PROBLEM REQUIREMENTS »
In the entries that follow, find the line containing "Chirurgen in Guangzhou" and the line containing "Nom du produit: Faux", then retype exactly the lines from the first through the second, pictures excluded.

EXERCISE MATERIALS »

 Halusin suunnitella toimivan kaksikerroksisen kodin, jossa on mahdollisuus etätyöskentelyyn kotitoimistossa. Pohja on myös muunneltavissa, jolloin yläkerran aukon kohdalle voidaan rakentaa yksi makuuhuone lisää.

==

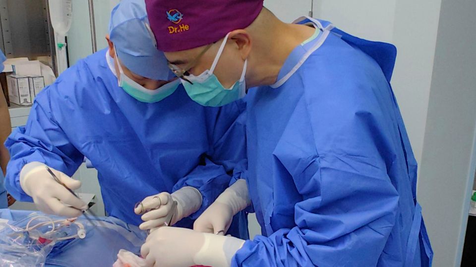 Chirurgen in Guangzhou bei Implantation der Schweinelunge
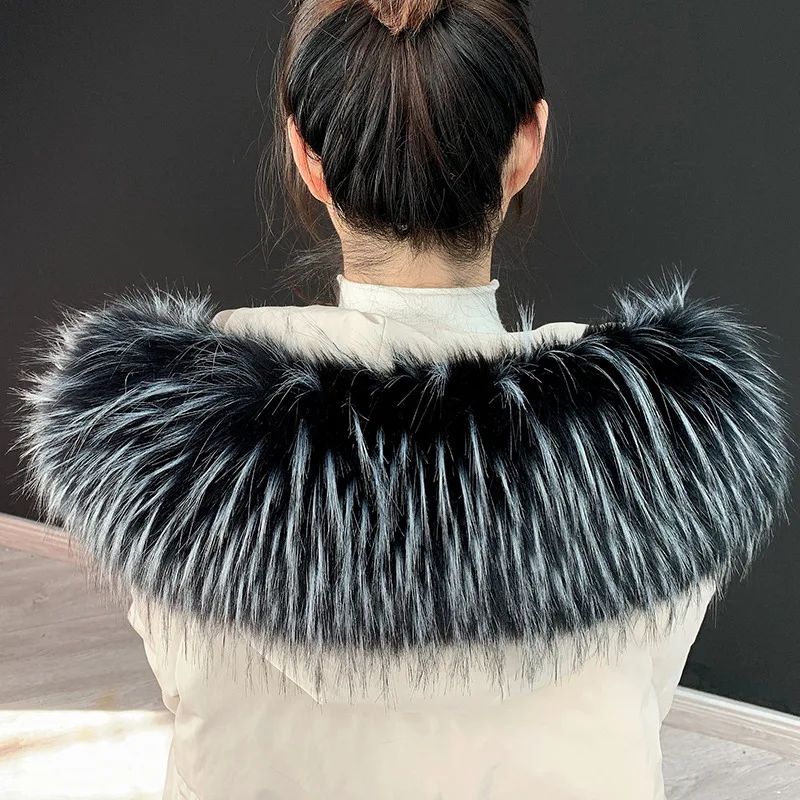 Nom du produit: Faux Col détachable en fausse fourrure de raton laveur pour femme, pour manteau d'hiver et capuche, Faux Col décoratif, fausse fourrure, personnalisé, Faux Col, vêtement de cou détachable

SOLVED EXERCISE »
 Chirurgen in Guangzhou bei Implantation der Schweinelunge
 Nom du produit: Faux Col détachable en fausse fourrure de raton laveur pour femme, pour manteau d'hiver et capuche, Faux Col décoratif, fausse fourrure, personnalisé, Faux Col, vêtement de cou détachable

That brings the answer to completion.